"Avec cette invasion mal préparée, précipitée, nous avons causé d'énormes souffrances et pertes humaines, et rendu l'Irak plus dangereux", accuse Claire Short devant la commission d'enquête sur l'engagement britannique en Irak.
AFP - Une ancienne ministre de Tony Blair, qui avait démissionné du gouvernement en 2003 pour protester contre la guerre en Irak, a contredit mardi l'affirmation de l'ancien Premier ministre selon laquelle la chute de Saddam Hussein avait rendu le monde plus "sûr".
En témoignant devant la commission d'enquête sur l'engagement britannique en Irak, Clare Short, ancienne ministre chargée du développement international, a estimé que l'invasion de 2003 avait au contraire rendu ce pays "plus dangereux" et permis à Al-Qaïda d'accroître son influence au Proche-Orient.
Tony Blair avait assuré vendredi devant la même commission n'avoir "aucun regret" d'avoir renversé le président irakien Saddam Hussein, disant penser "sincèrement que le monde est plus sûr" sans lui.
"Il n'y a aucun doute qu'avec cette invasion mal préparée, précipitée, non seulement nous avons causé d'énormes souffrances et pertes humaines, mais nous avons rendu l'Irak plus dangereux et instable, et étendu la présence d'Al-Qaïda au Proche-Orient", a contesté Mme Short.
Tony Blair, tout en disant n'avoir jamais considéré que Saddam Hussein était lié à Al-Qaïda, avait également expliqué vendredi que la "perception" pour les occidentaux du risque posé par le dictateur irakien avait radicalement changé après le 11-Septembre.

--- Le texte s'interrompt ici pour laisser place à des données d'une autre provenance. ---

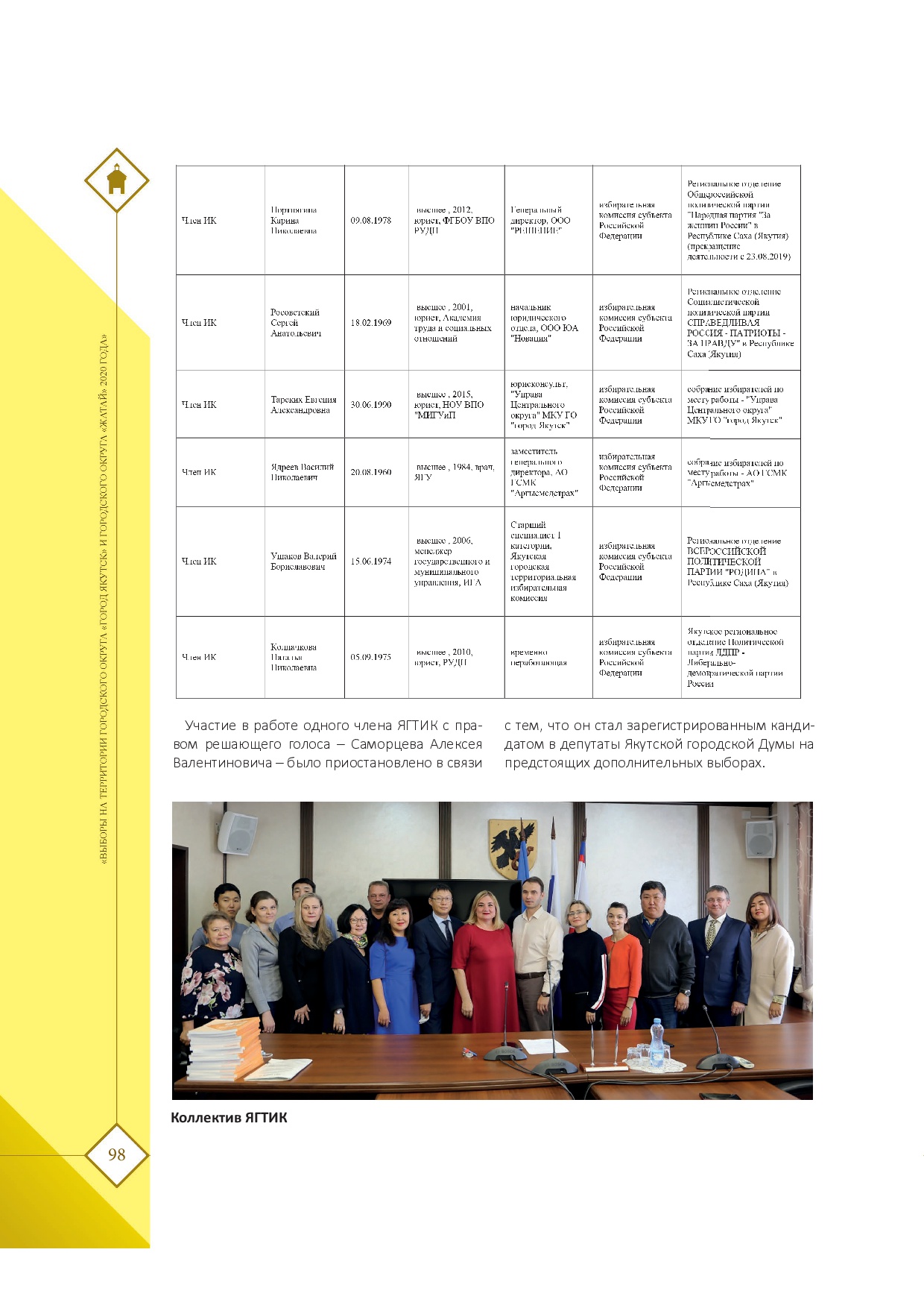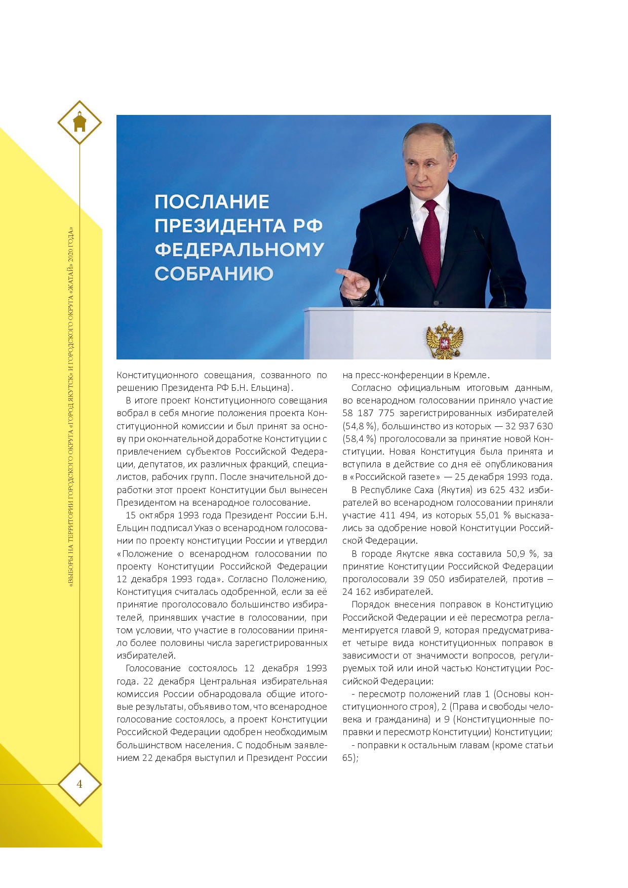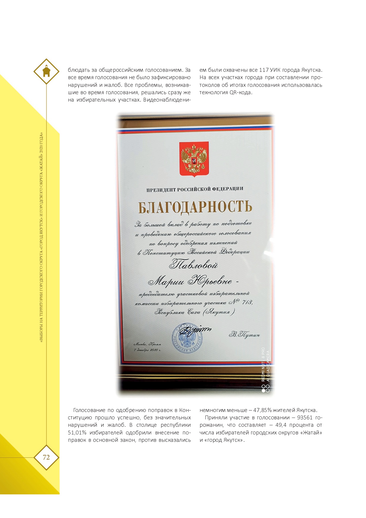 Очередной выпуск «Электорального справочника-2020» Якутской городской ТИК посвящен двум важным событиям, прошедшим на территории городских округов «город Якутск» и «Жатай»: Общероссийскому голосованию по вопросу одобрения изменений в Конституцию Российской Федерации, а также дополнительным выборам депутата Якутской городской Думы по Центральному одномандатному избирательному округу № 7.

Mme Short, réputée pour son franc-parler et son indépendance d'esprit, a démonté cette argumentation. "Le récit par Tony Blair de la nécessité d'agir en urgence à cause du 11-Septembre ne résiste pas à l'examen", a-t-elle affirmé.
Elle a expliqué qu'il n'existait aucun indice que Saddam Hussein ait jamais coopéré avec Al-Qaïda, et a estimé que le gouvernement américain avait "trompé" son peuple en mettant en avant la thèse d'un lien entre ses deux ennemis.
Elle a aussi rejeté les allégations du gouvernement britannique, avant la guerre, laissant entendre que le régime irakien développait des armes de destruction massive, en estimant qu'il n'avait "pas les moyens" de développer une arme nucléaire.
Mme Short a de même accusé l'ancien conseiller juridique du gouvernement britannique Peter Goldsmith d'avoir "trompé" le cabinet en décidant que la guerre était légale, même sans deuxième résolution du Conseil de sécurité de l'ONU.
Bien qu'opposée à la guerre, Mme Short avait initialement accepté de rester en poste sur l'insistance de Tony Blair, qui avait souligné son rôle crucial en vue de la reconstruction de l'Irak. Elle avait finalement démissionné en mai 2003, désillusionnée par le manque de préparation pour l'après-invasion.
"Ce que je dis, c'est que nous aurions pu aller plus lentement et plus précautionneusement, et nous n'aurions pas eu un Irak entièrement déstabilisé et en colère, dans lequel est arrivé Al-Qaïda, alors qu'il n'y existait pas auparavant, et ça aurait été plus sûr pour le monde", a repris Mme Short, applaudie par des membres du public présents dans la salle d'audience.